The company said volume growth remains constrained by industry-wide supply chain issues and labour shortages that took effect from May, although these issues are progressively improving.
Underlying demand in most of its major markets started the year strongly, it said, supported by a continuation of the Covid-related trends that have led to increased repair, maintenance and improvement (RMI) activity. Government fiscal stimulus programmes, mainly in Italy, have also boosted residential and commercial activity.
However, the company noted that since May, when the cost-of-living crisis and rising interest rates really began to have an impact on consumers, demand levels began to moderate in certain markets. "The group has remained agile in implementing pricing actions, but the inevitable, albeit reducing, lag in offsetting input cost inflation contributed to a slight decline in LFL adjusted operating profit of 1%," it said.

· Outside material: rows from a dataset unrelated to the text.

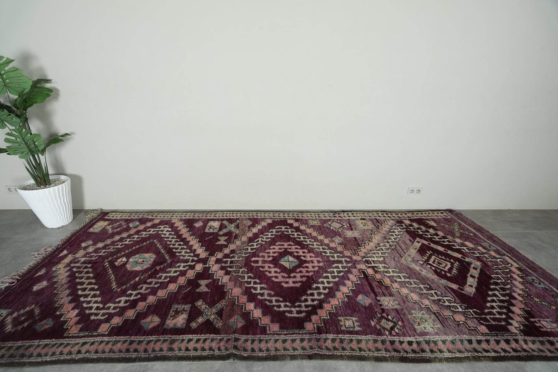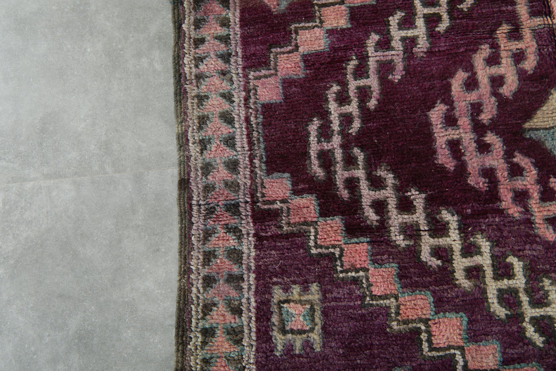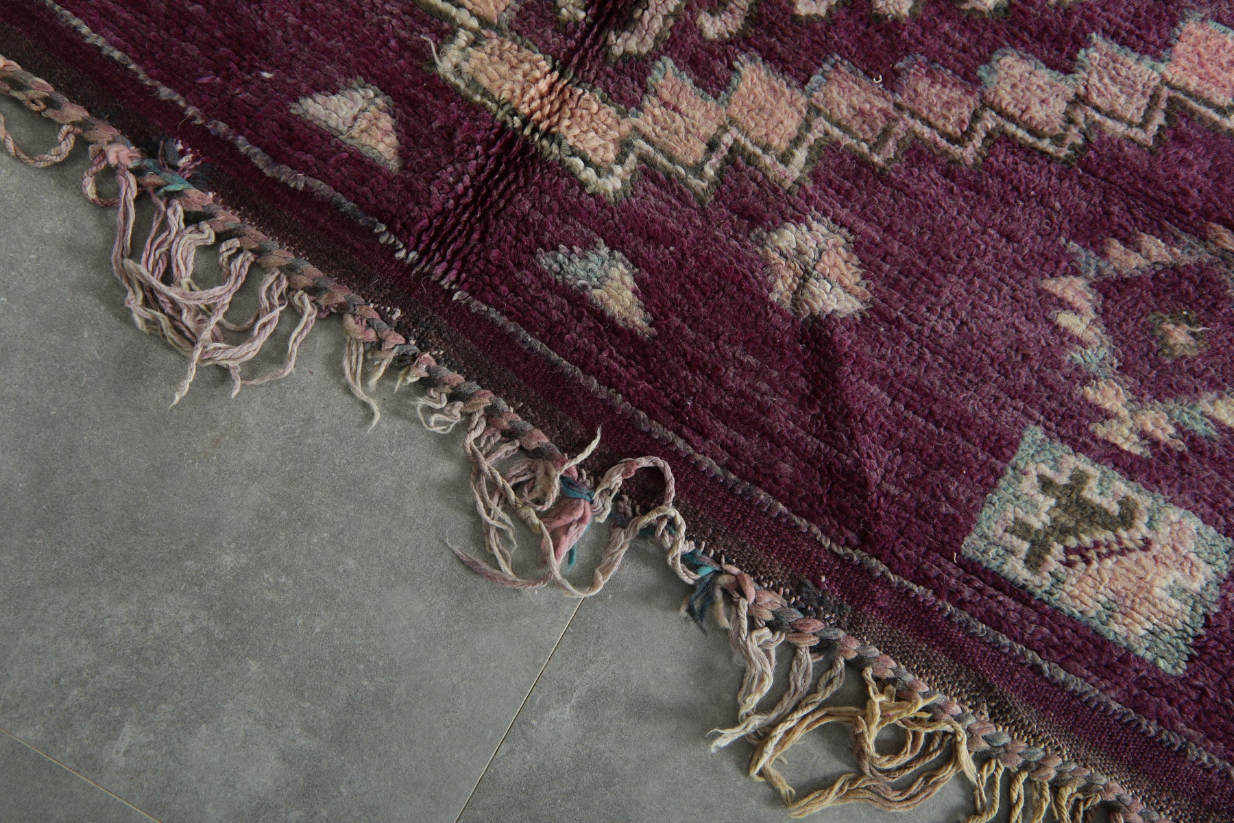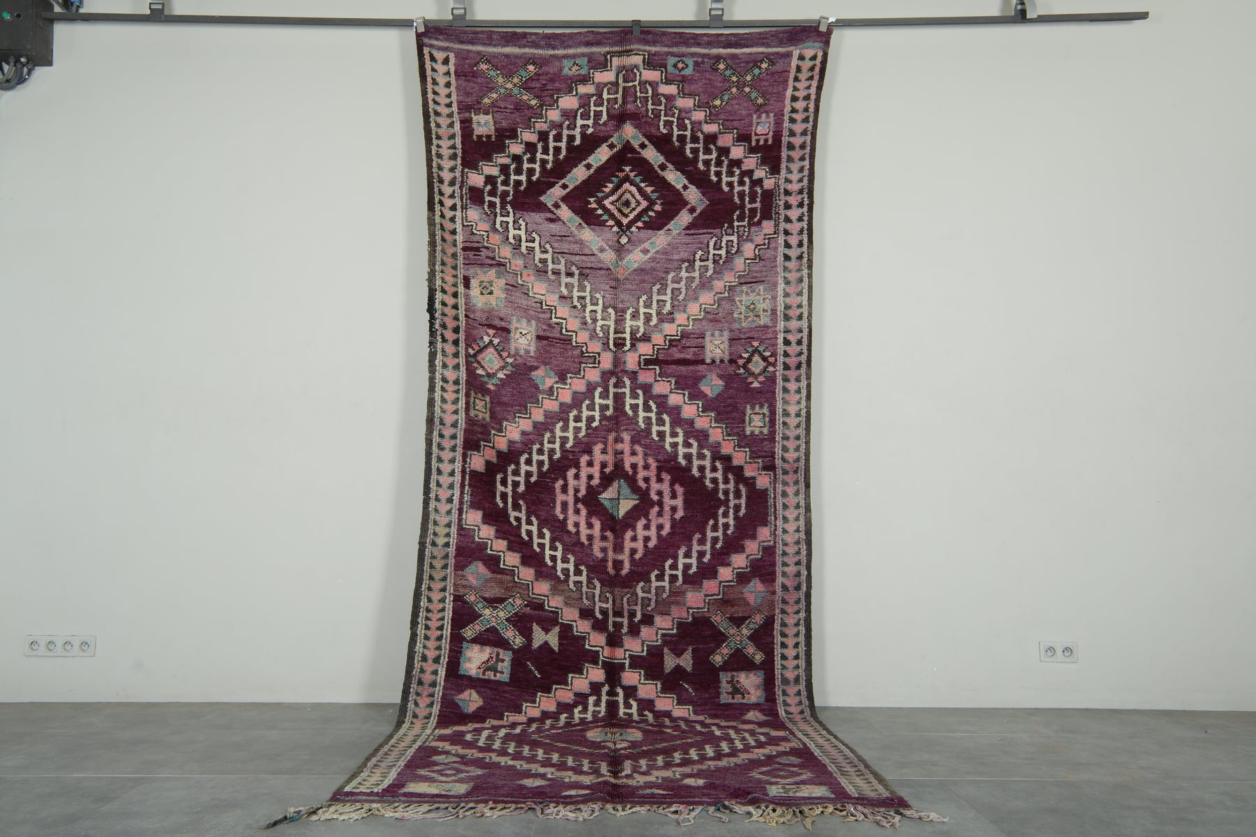 Make a bold statement with this purple Moroccan Azilal rug, handwoven from natural wool by Berber artisans in the Atlas Mountains. Its striking purple base is enriched with traditional Azilal geometric motifs, creating a vibrant design that blends artistry with cultural heritage. The elongated size makes it ideal for hallways, large living areas, or dining spaces, while the soft wool texture adds warmth and comfort underfoot. Authentic and one-of-a-kind, this handmade rug brings Moroccan tradition and modern style together in a truly unique piece.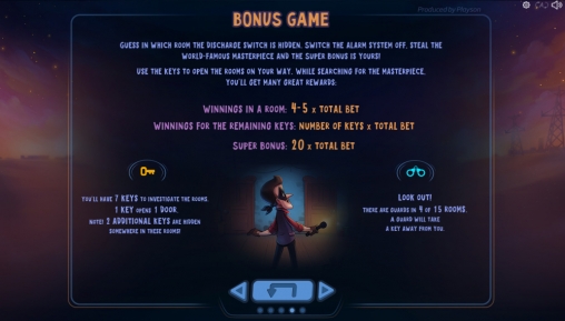 - Bonus Game – Здесь вору нужно будет отключить сигнализацию и украсть дорогую картину. В его распоряжении будут ключи, которые нужно использовать для отпирания дверей. Вы будете указывать, в какую сторону ему двигаться. Чем дальше грабитель заберется, тем крупнее будет итоговая выплата.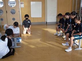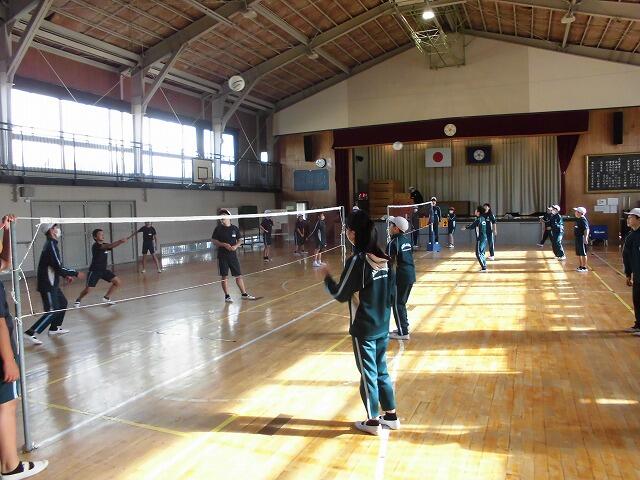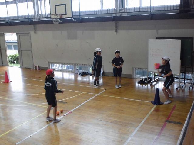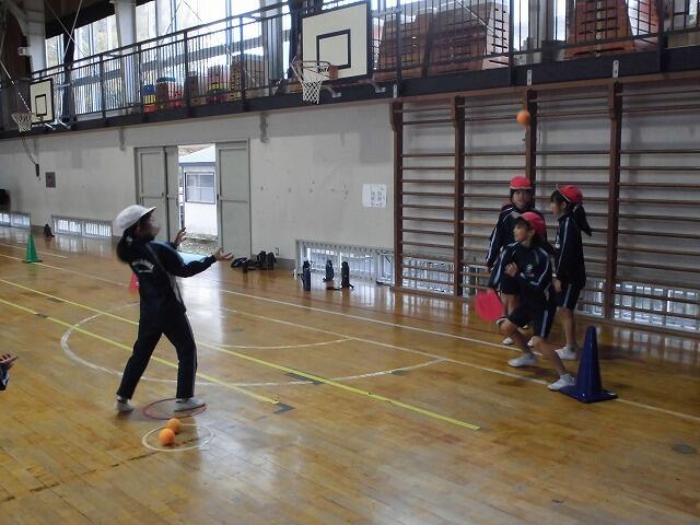 2024年11月18日 10時19分6年生の体育では「ネット型ボール」に取り組んでいます。あまり体験したことのない種目のため、だれでもできて楽しめるようルールを工夫して運動しています。今日はレシーブなどの練習後、班ごとにゲームを行いました。審判などの役割を分担して行いました。アドバイスしたり<助け合ったりしながら全員が楽しめるように気を配りながら取り組んでいました。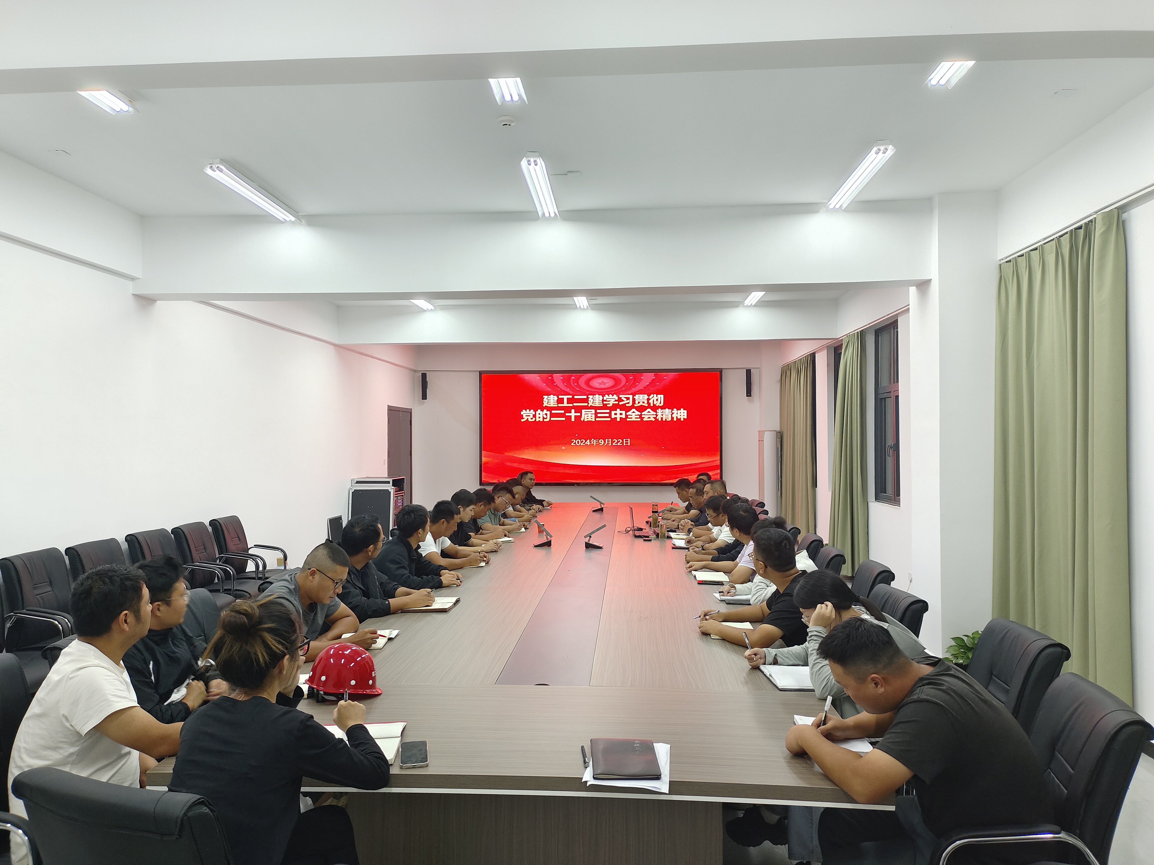 9月22日,建工二建副總經(jīng)理代鵬飛赴蕪湖新材料智能智造產(chǎn)業(yè)園項(xiàng)目宣講黨的二十屆三中全會(huì)精神。蕪湖中丞濱江時(shí)代項(xiàng)目、安徽建工蕪湖新材料智能智造產(chǎn)業(yè)園項(xiàng)目、安徽路橋鋼結(jié)構(gòu)橋梁制造產(chǎn)業(yè)化基地(蕪湖)項(xiàng)目全體管理人員參加學(xué)習(xí)。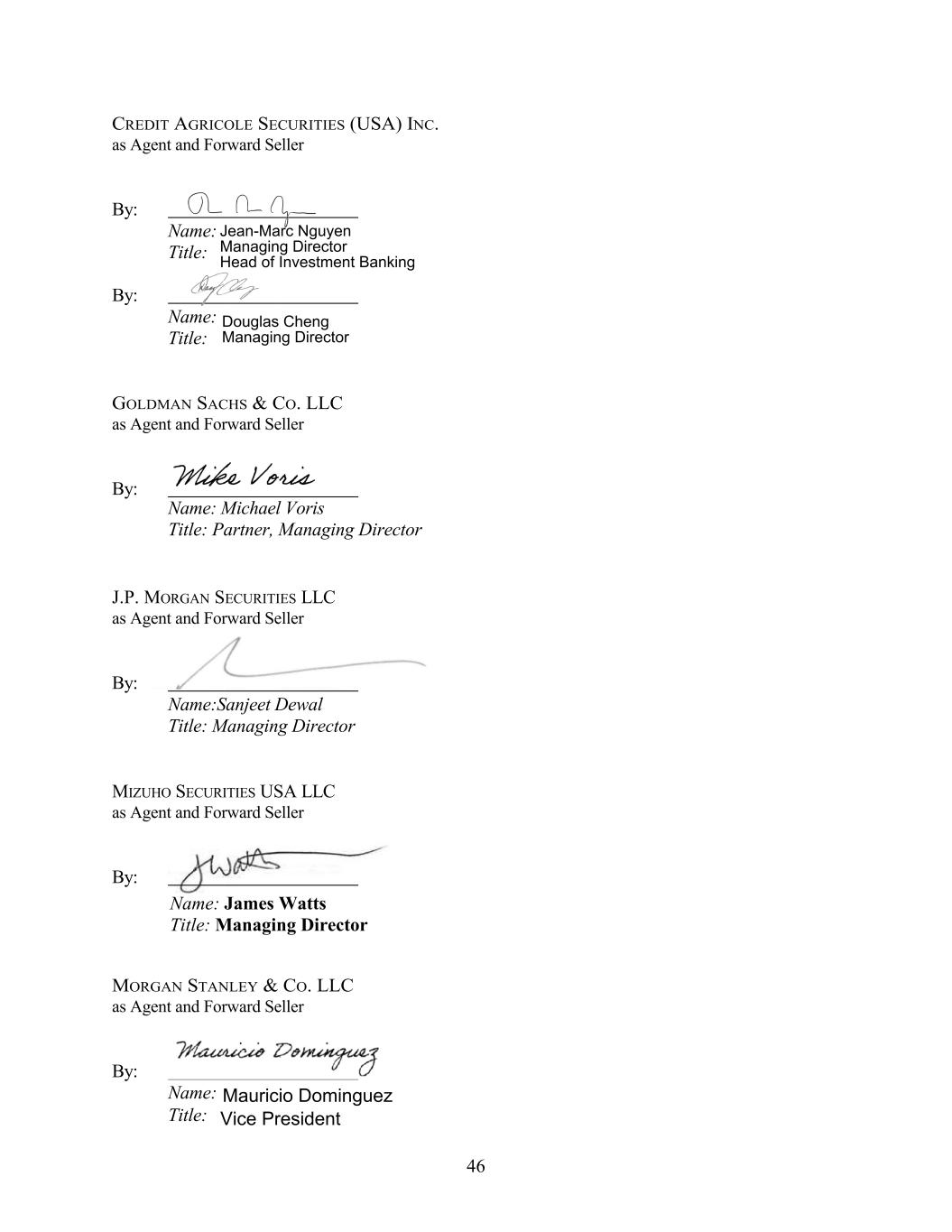 CREDIT AGRICOLE SECURITIES (USA) INC. as Agent and Forward Seller By: Name: Title: By: Name: Title: GOLDMAN SACHS & CO. LLC as Agent and Forward Seller By: J.P. MORGAN SECURITIES LLC as Agent and Forward Seller By: Name:Sanjeet Dewal Title: Managing Director MIZUHO SECURITIES USA LLC as Agent and Forward Seller By: MORGAN STANLEY & CO. LLC as Agent and Forward Seller By: Name: Title: 46 Jean-Marc Nguyen Managing Director Head of Investment Banking Douglas Cheng Managing Director Name: Michael Voris Title: Partner, Managing Director Name: James Watts Title: Managing Director Mauricio Dominguez Vice President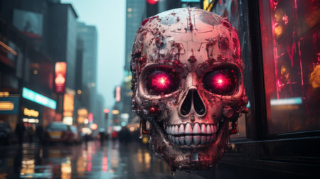 A horror concept of a scary portrait of a skull, demon figure. On a dark grunge background.

Chief executive Jo Hallas said: "Tyman traded robustly in the first half of the year against an exceptionally strong comparative period, with pricing actions taken to mitigate further cost inflation.
"We will continue to focus on taking market share and enhancing our operational platform to improve productivity and working capital management. Notwithstanding a more challenging market in the second half, our flexible cost base will allow us to adapt to potential changes in demand, and full year adjusted operating profit is expected to be in line with market expectations excluding the benefit of foreign exchange."
Market expectations are for £91.8m to £96.0m.